Lecture 10 Hemo1Platelet Coag

Question 1

Hemostasis

Answer 1

1st step in
wound healing: stop bleeding
from injured blood vessels

Question 2

What is the opposite of Hemostasis?

Answer 2

Hemorrhage

Question 3

What are the three processes involved in hemostasis?

Answer 3

Primary, Secondary, Fibrinolysis

Question 4

What is Primary Hemostasis?

Answer 4

Formation of Platelet Plug

Question 5

What is Secondary Hemostasis?

Answer 5

Maintaning the plug through the crosslinking of fibrin

Question 6

What is Fibrinolysis?

Answer 6

After the injury is repaired, the clot is dissolved.

Question 7

Dysregulation of Hemostasis can cause what?

Answer 7

Bleeding and Thrombosis

Bleeding: Inability to form proper clot

Thrombosis: Excessive clotting

Question 8

Platelets

Answer 8

Platelets are fragments of membrane
from cells known as megakaryocytes.

Platelets shed from
megakaryocytes

Platelets do not have a nucleus

Lifespan approx 10 days

150,000 – 400,000
platelets per 1 μl blood

Question 9

Thrombocytopenia

Answer 9

platelet deficiency

Question 10

Thrombocytosis

Answer 10

excess platelets

Question 11

Platelets and
Endothelial Cells

Answer 11

Both have net negative
surface charges which cause repulsion

Question 12

Endothelial Cells

Answer 12

Secrete numerous
components that inhibit
activation of platelets, because you dont want it to clot the healthy stuff, only clot when injured.

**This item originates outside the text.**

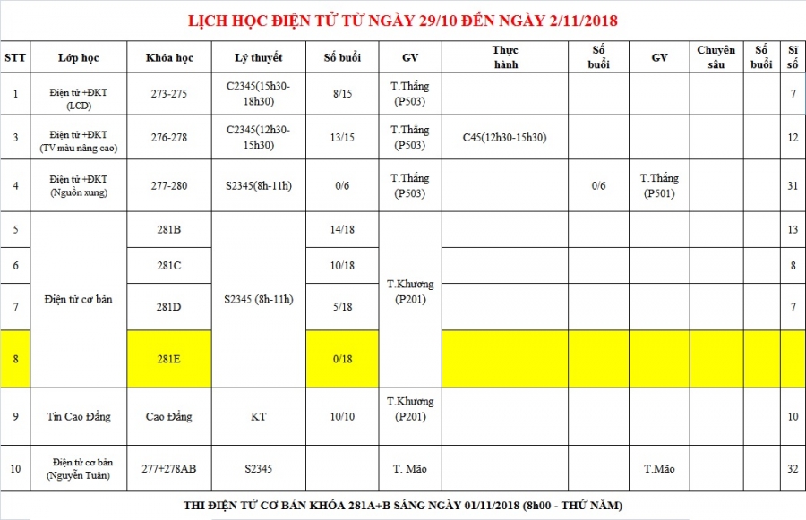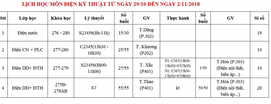 PHÒNG ĐÀO TẠO THÔNG BÁO LỊCH HỌC TỪ 29/10 ĐẾN 02/11/2018

Healthy endothelial cells prevent
the blood from clotting abnormally

Question 13

After Injury, what happens?

Answer 13

Formation of Platelet Plug

Question 14

Steps involved in the formation of platelet plug after injury

Answer 14

The platelet/endothelial cell barrier is gone, platelets come in contact with sub-endothelium

Interaction of platelets with sub-endothelium begins a series of events in platelets

Question 15

Platelet Response to Injury in 3 Mechanisms

Answer 15

1. Adhesion: Binding of Platelets to exposed sub endothelium
2. Activation: Change in Platelet shape and release of stored molecules
3. Aggregation: Platelets link with the help of fibrinogen

Question 16

Three Important receptors on platelets involved in formation of plug

Answer 16

1. GpIIb/IIIa: binds fibrinogen
2. GpVI: binds collagen
3. GpIb-IX-V: binds vWF

Question 17

Adhesion

Answer 17

Forward movement of platelets stopped by binding to components of sub-endothelium.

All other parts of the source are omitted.